What to do: In your copy of the records, include every word exactly and no pictures.

[Data to examine Boundary: Start]

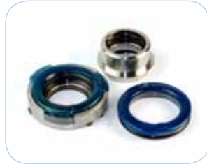
#C3127 New Seal
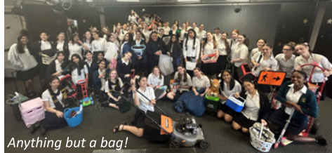
Anything but a bag!

Spirit Week is a special opportunity for our Year 13 students to celebrate their final year at school by engaging in acts of kindness that bring joy and fun to those around them. It has been heartening to witness the emotional journey these young women undergo as they prepare to leave the College. While we will formally bid them farewell next week, I would like to take this moment to thank them for their leadership and presence. They have all led with the grace of Mary and embodied the Gospel Values through their actions.
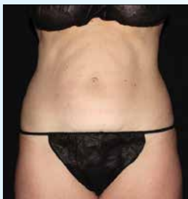
After four BTL Vanquish ME treatments
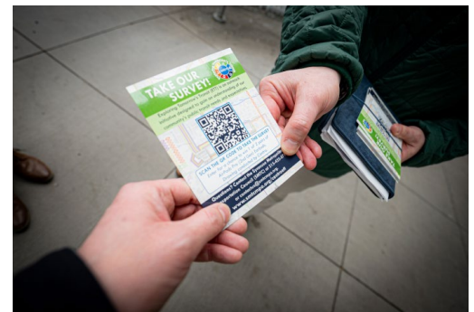
SMTC staff distributed "Take Our Survey!" cards at the Centro Hub in April 2023.
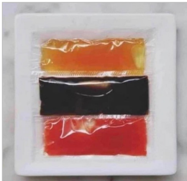
Mark Rothko... the Take Out Years
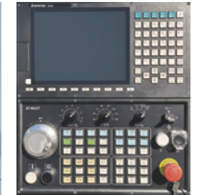
SYNTEC 22TB cnc controller
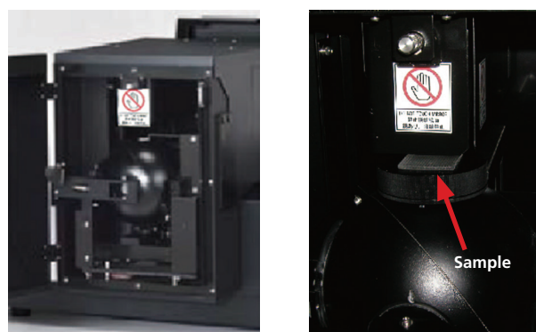
Fig. 3 Inside the ISR-1503 (left) and with Sample Installed (right)
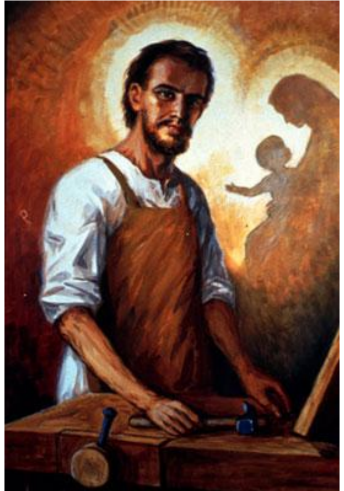
St. Joseph the Worker, Feast Day: May 1 Year of St. Joseph

God our Father, Creator and Ruler of the universe, in every age you call us to use and develop our gifts for the good of others.
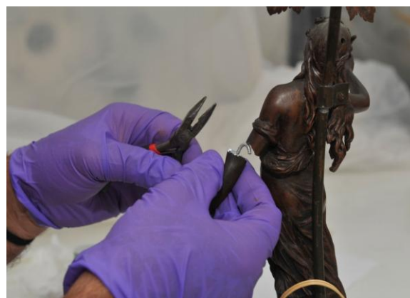
Figure 4. Preparing for reinforcing with aluminum wire
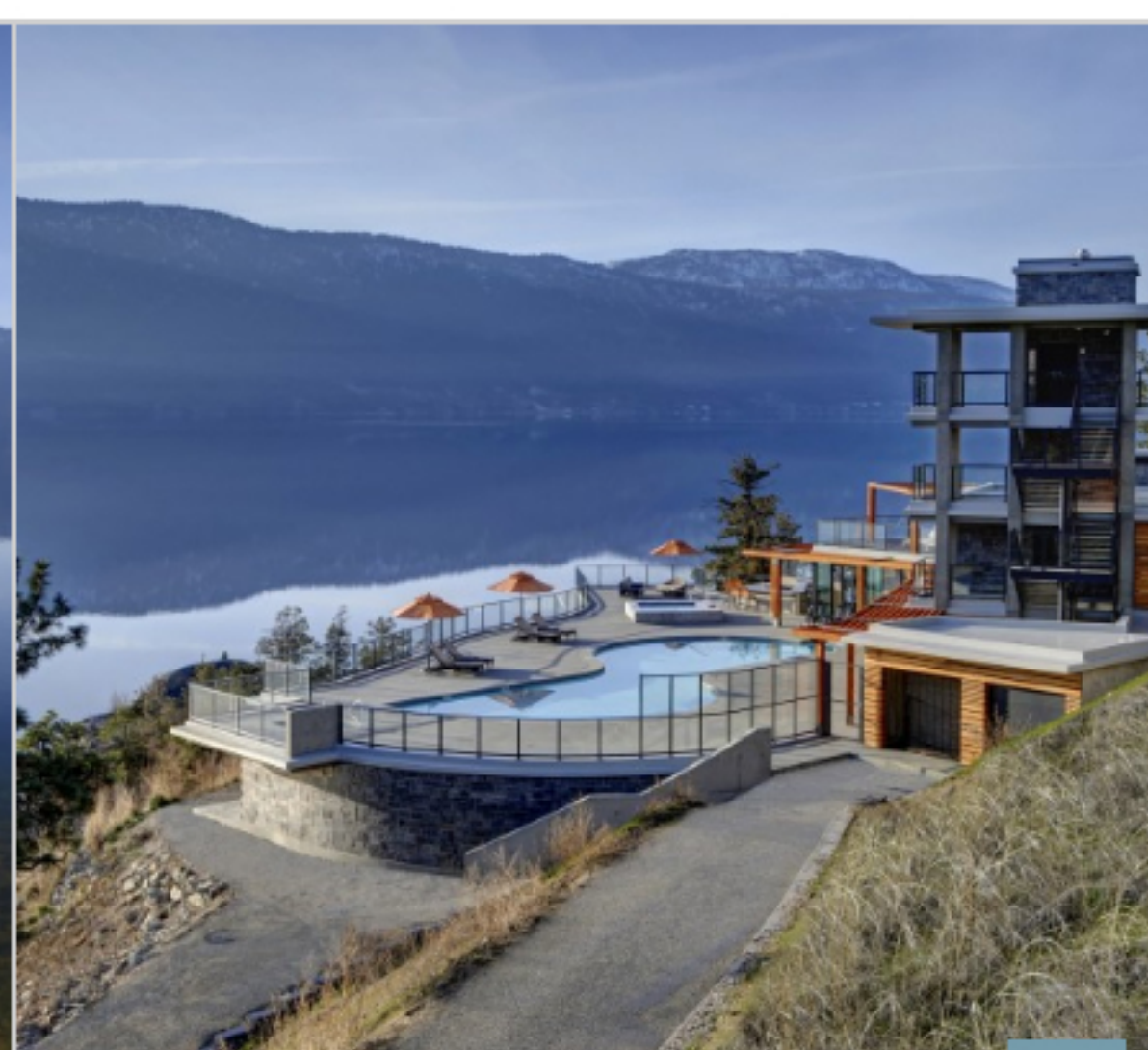
Pool With Clubhouse

[Data to examine Boundary: End]

Task result:
#C3127 New Seal
Anything but a bag!

Spirit Week is a special opportunity for our Year 13 students to celebrate their final year at school by engaging in acts of kindness that bring joy and fun to those around them. It has been heartening to witness the emotional journey these young women undergo as they prepare to leave the College. While we will formally bid them farewell next week, I would like to take this moment to thank them for their leadership and presence. They have all led with the grace of Mary and embodied the Gospel Values through their actions.
After four BTL Vanquish ME treatments
SMTC staff distributed "Take Our Survey!" cards at the Centro Hub in April 2023.
Mark Rothko... the Take Out Years
SYNTEC 22TB cnc controller
Fig. 3 Inside the ISR-1503 (left) and with Sample Installed (right)
St. Joseph the Worker, Feast Day: May 1 Year of St. Joseph

God our Father, Creator and Ruler of the universe, in every age you call us to use and develop our gifts for the good of others.
Figure 4. Preparing for reinforcing with aluminum wire
Pool With Clubhouse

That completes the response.